# язык или языки?



## JanisPearl

Hi ! I have a list of questions i have to be able to answer to,for my russian exam,and i have a doubt!
If my teacher asks me "Какие языки вы изучаете?" , and i want to say
 "I study russian and english", should i say "я изучаю русский и англиский язык" or "языки" ? I mean, the word "language "is referred both to english and russian,so do i need to put it singular or plural?


----------



## SweetCherry

Язык. 
If you think in English: 
-Which languages are you studying?
-I am studying Russian and English (language, not languages).


----------



## JanisPearl

Ok thanks! In italian we simply say "Io studio russo and inglese"="I study russian and english" without the word language! In fact this last one created my problem


----------



## SweetCherry

The same in English, you don't say the last word, but you *mean *language, in singular.


----------



## Ptak

JanisPearl said:


> Hi ! I have a list of questions i have to be able to answer to,for my russian exam,and i have a doubt!
> If my teacher asks me "Какие языки вы изучаете?" , and i want to say
> "I study russian and english", should i say "я изучаю русский и англи*й*ский язык" or "языки" ? I mean, the word "language "is referred both to english and russian,so do i need to put it singular or plural?


Both variants are correct.
Perhaps "языки" is a bit more formal.

The most natural answer would be "Я изучаю (o учу) русский и англи*й*ский".


----------



## slavic_one

Правильно ли сказать "языки" тут? Потому что это значит то же самое как и "Я изучаю русский язык и английский язык" но чтобы не повторялось, кажется только "русский и анчлийский язык". Тоже оравильно только "Я изучаю русский и английский".
По-моему, на пример "Я изучаю славянские (и германские) язык*и*", но "Я изучаю русский, хорватский и польский язык".
А хорошо ли сказать "Я учусь по-русский (и по-английский)", или этот значит что я учусь на пример математику или историю, но на русском (и английском) языке?


----------



## SweetCherry

I agree with Slavic one, I don't see how языки can be correct in this case, though it can be used in the case he mentioned.


----------



## Ptak

SweetCherry said:


> I don't see how языки can be correct in this case.


It's strange enough...

Try to google "русский и английский языки"; you'll find a lot of examples.
Google is not even needed here, actually. It's the same thing as with another question of the topic starter: "старое и новое здани*я*". It's normal Russian. It is absolutely correct.

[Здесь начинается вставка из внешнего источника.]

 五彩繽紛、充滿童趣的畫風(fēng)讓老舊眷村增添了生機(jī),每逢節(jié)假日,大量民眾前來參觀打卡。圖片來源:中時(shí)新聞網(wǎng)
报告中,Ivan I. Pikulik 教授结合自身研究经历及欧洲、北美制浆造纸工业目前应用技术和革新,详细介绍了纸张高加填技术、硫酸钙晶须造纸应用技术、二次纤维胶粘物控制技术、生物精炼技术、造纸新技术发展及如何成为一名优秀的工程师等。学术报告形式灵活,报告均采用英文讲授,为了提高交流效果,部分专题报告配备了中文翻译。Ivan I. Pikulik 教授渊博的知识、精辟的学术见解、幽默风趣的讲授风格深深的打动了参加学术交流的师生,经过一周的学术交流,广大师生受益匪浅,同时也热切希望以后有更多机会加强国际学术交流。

P.S. Oh, SweetCherry, sorry, I've just noticed that your native language is Serbian.


----------



## Ptak

slavic_one said:


> По-моему, на пример "Я изучаю славянские (и германские) язык*и*", но "Я изучаю русский, хорватский и польский язык".


"Я изучаю русский, хорватский и польский *языки*" is also correct.

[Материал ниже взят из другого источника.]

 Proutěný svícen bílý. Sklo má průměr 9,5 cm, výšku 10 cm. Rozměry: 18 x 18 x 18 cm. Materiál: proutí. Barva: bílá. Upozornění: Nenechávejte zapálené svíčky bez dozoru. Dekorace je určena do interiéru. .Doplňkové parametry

> А хорошо ли сказать "Я учусь по-русский (и по-английский)", или этот значит*,* что я учусь например математику или историю, но на русском (и английском) языке?


I am sorry, I didn't understand your question. But "Я учусь по-русски" does not make sense in Russian.


----------



## Maroseika

Согласно Розенталю, в данном случае правильно только "английский и русский язык" http://booference.pochta.ru/styli_xliv.html#sect194 (пар. 194, п. 1, пп. 4).

А именно, существительное при двух определениях ставится в форме единственного числа, если "перечисляемые разновидности предметов или явлений внутренне связаны, например в сочетаниях терминологического характера; ср.: _в правой и левой руке_ (_половине, стороне_ и т. п.); _оперное и балетное искусство; промышленный и аграрный переворот; учащиеся среднего и старшего школьного возраста; в старославянском и древнерусском книжном языке".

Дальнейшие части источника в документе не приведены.